Note: The job is a remote job and is open to candidates in USA. Modular is on a mission to revolutionize AI infrastructure by rebuilding the AI software stack. They are seeking a Senior AI Kernel Engineer to lead the design and optimization of high-performance kernels for AI inference on GPUs and custom accelerators, collaborating closely with various teams to enhance performance.
Responsibilities
- Design, implement, and optimize performance-critical kernels for AI inference workloads (e.g., GEMM, attention, communication, fusion)
- Lead kernel-level optimization efforts across single-GPU, multi-GPU, and heterogeneous hardware environments
- Make informed trade-offs between latency, throughput, memory footprint, and numerical precision
- Drive adoption of new hardware features (e.g., Tensor Cores, asynchronous execution, advanced memory spaces)

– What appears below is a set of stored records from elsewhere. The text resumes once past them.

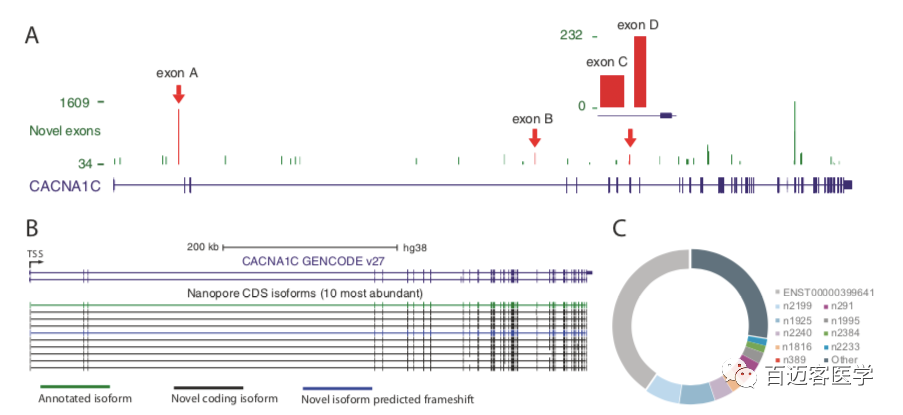 在CACNA1C基因座內(nèi)總共注釋了39個(gè)潛在的新外顯子,其中38個(gè)在至少2個(gè)人或組織中被識(shí)別,并在每個(gè)文庫(kù)中得到至少5條nanopore reads的支持(圖2A)。通過PCR和Sanger測(cè)序確認(rèn)了新的外顯子與其周圍的注釋外顯子之間的剪接連接,從而驗(yàn)證了四個(gè)新的外顯子。這種新的外顯子的成功驗(yàn)證提供了很高的可信度,即通過納米孔測(cè)序鑒定的新的外顯子是真實(shí)的,并且被整合到CACNA1C轉(zhuǎn)錄本中。表達(dá)量最高的10條轉(zhuǎn)錄本中,有9條是新的且其中有8條被預(yù)測(cè)保持CACNA1C閱讀框架,這表明這些最豐富的新轉(zhuǎn)錄本中有一些編碼功能不同的蛋白質(zhì)異構(gòu)體(圖2B,C)。這些結(jié)果表明,新的CACNA1C轉(zhuǎn)錄本表達(dá)豐富,數(shù)量也很多,目前的注釋缺少許多最豐富的CACNA1C轉(zhuǎn)錄本。
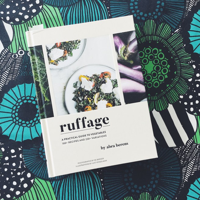 While many parents would use the threat of vitamin or nutrient deficiency to cajole their kids into eating their fruits and vegetables, my mom always told us to “eat up, you need the ruffage!” So, I suppose this is how Abra Berens‘ new cookbook, Ruffage, came to catch my eye. And, while reading through the rich stories Beren’s puts forth at the beginning of each section, she too has been subject to this refrain — “You gotta get your ruffage!”(233). What I came to learn as an adult is that “fiber” is the much more delicate term which can be used in place of ruffage — the idea that the plant fibers that do not completely breakdown in the intestinal system help to regulate digestion. But, I digress, for what Ruffage is offering is a real guide to vegetables and how to prepare and cook them.
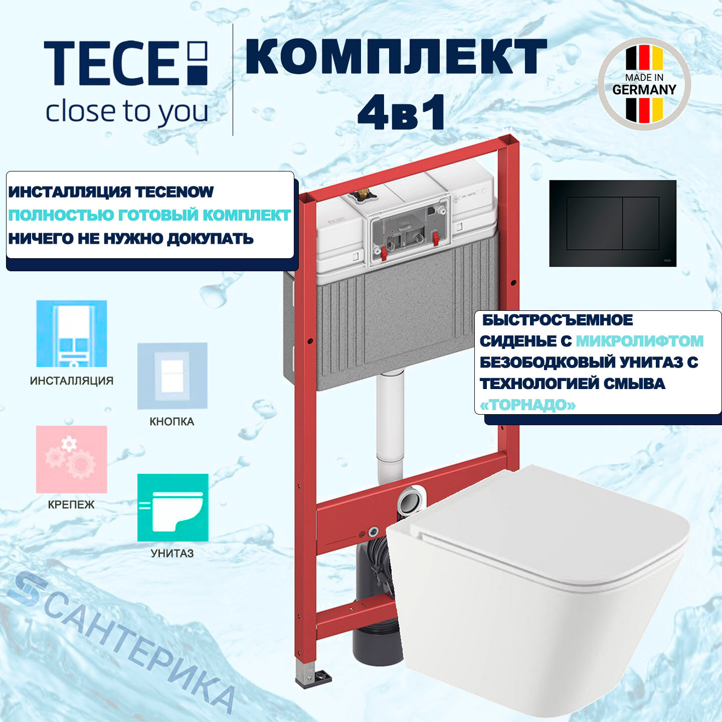 Инсталляция Tece TECEnow 9400412 с подвесным унитазом Santerika SAN. UNT.01, смыв "Торнадо", сиденье микролифт
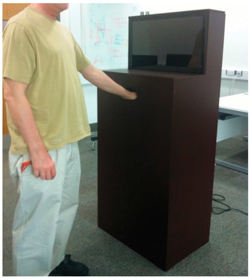 CDR has its roots in the fields of engineering, social sciences, art, and design and is divided between three places of research: the laboratory, the field, and the showroom. CDR uses the steps of firstly iteratively planning, secondly acting either by producing the artefact and/or by carrying out a form of evaluation, thirdly observing, and fourthly reflecting whilst drawing from interdisciplinary knowledge [,]. The author’s application of constructive design research for the TT research involved the making of the artefact (which is described in Section 2.3 and Section 2.4) and placing the artefact in the wild, where it was used as a ‘tool’ to elicit reactions in a similar manner to technology probes []. The interpretative process is described in Section 2.5.3. The author would like to emphasize that the nature of research with design research interventions is context-dependent and returns are not repeatable, even if interventions are carried out in similar conditions. Some noteworthy examples of constructive design research interventions are Dunne and Raby’s [] DesignNoir: the secret life of electronic objects, photostroller [], the CoMotion bench [], the Megafobia V-armchair thrill seeking intervention [], and Blythe’s [] ludic engagement activities in a care home. The latter included the video window, which supports the fifth design principle for the TT in Section 2.3. The benefits of such an approach entail explorations of nexus of experiences and potentially uncovering new connections in an imagined as well as in the real world, externalization of critical thinking, mutual learning for persons involved, as well as the development of new questions [,,].

- Analyze performance using profilers, hardware counters, and microbenchmarks; translate insights into concrete improvements
- Work closely with compiler and runtime teams to influence code generation, scheduling, and kernel fusion strategies
- Review and mentor other engineers on kernel design, performance tuning, and best practices
- Contribute to technical roadmaps and long-term performance strategy for AI inference
Skills
- 5+ years of experience in performance-critical systems or kernel development (or equivalent depth of expertise)
- Strong proficiency in C/C++ and low-level programming
- Extensive hands-on experience with GPU kernel programming (CUDA, HIP, or equivalent)
- Deep understanding of GPU architecture, including memory hierarchies, synchronization, and execution models
- Proven track record of delivering measurable performance improvements in production systems
- Strong problem-solving skills and ability to work independently on complex, ambiguous performance challenges
- Experience with PTX, assembly-level tuning, or code generation frameworks (e.g., Triton)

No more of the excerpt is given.